┌─ Recorded information
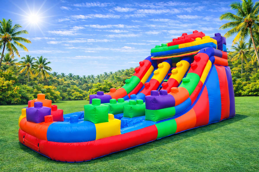 Whether you're hosting a birthday party, a family reunion, or a corporate event, our Dual Lego Waterslide is guaranteed to be a hit. It provides endless fun and excitement, creating memories that will last a lifetime. So why wait? Book our Dual Lego Waterslide today and get ready to make a splash at your next event!
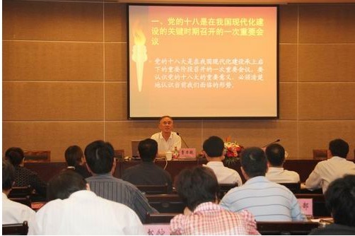 报告会上,曹教授结合自己的学习理解,着重从十八大召开的重要意义和如何做好当前工作,迎接十八大两方面进行了详细阐述。他认为,下半年即将召开的党的十八大是我国现代化建设时期承上启下阶段召开的一次重要会议,要从当前我们面临的发展形势正确理解十八大召开的意义,要坚持以科学发展为主题,以加快转变经济发展方式为主线,以稳中求进为总的工作基调,全面做好各项工作,迎接十八大顺利召开。
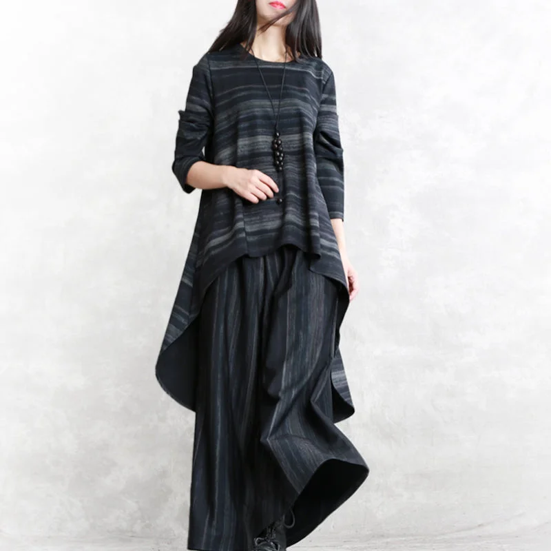 fine black striped pure cotton blended two pieces plus size traveling clothing boutique long sleeve o neck pockets tops cotton blended baggy trouse
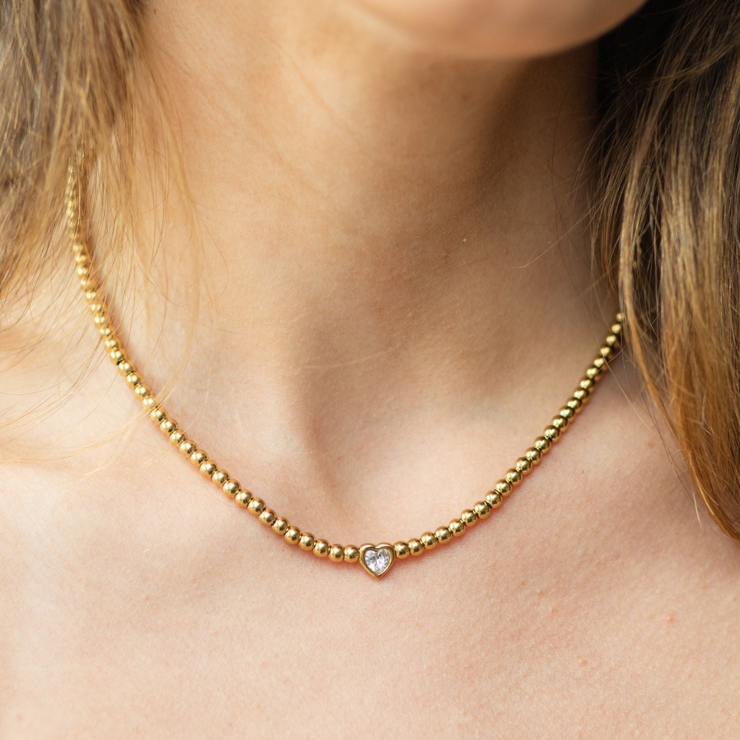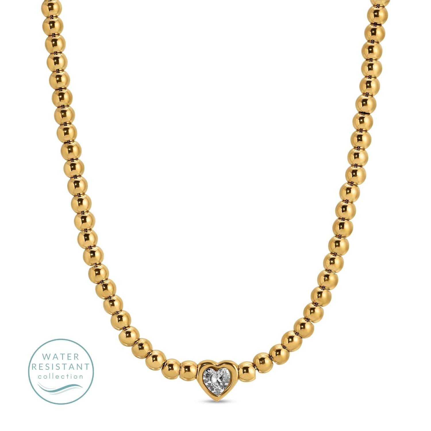 Discover the perfect blend of timeless romance and modern resilience with our "Beaded Heart Faux Diamond Necklace!" This exquisite collar necklace is designed to capture hearts and withstand the elements, making it an essential addition to your everyday sparkle. The necklace features a beautiful array of delicate gold-plated beads that form a chic collar, designed to sit elegantly on your neckline.
└─
- **Task details**
Please return only the lines from the top of the data through the line with "fine black striped", exactly as written, and drop every picture.

- **Response area**
 Whether you're hosting a birthday party, a family reunion, or a corporate event, our Dual Lego Waterslide is guaranteed to be a hit. It provides endless fun and excitement, creating memories that will last a lifetime. So why wait? Book our Dual Lego Waterslide today and get ready to make a splash at your next event!
 报告会上,曹教授结合自己的学习理解,着重从十八大召开的重要意义和如何做好当前工作,迎接十八大两方面进行了详细阐述。他认为,下半年即将召开的党的十八大是我国现代化建设时期承上启下阶段召开的一次重要会议,要从当前我们面临的发展形势正确理解十八大召开的意义,要坚持以科学发展为主题,以加快转变经济发展方式为主线,以稳中求进为总的工作基调,全面做好各项工作,迎接十八大顺利召开。
 fine black striped pure cotton blended two pieces plus size traveling clothing boutique long sleeve o neck pockets tops cotton blended baggy trouse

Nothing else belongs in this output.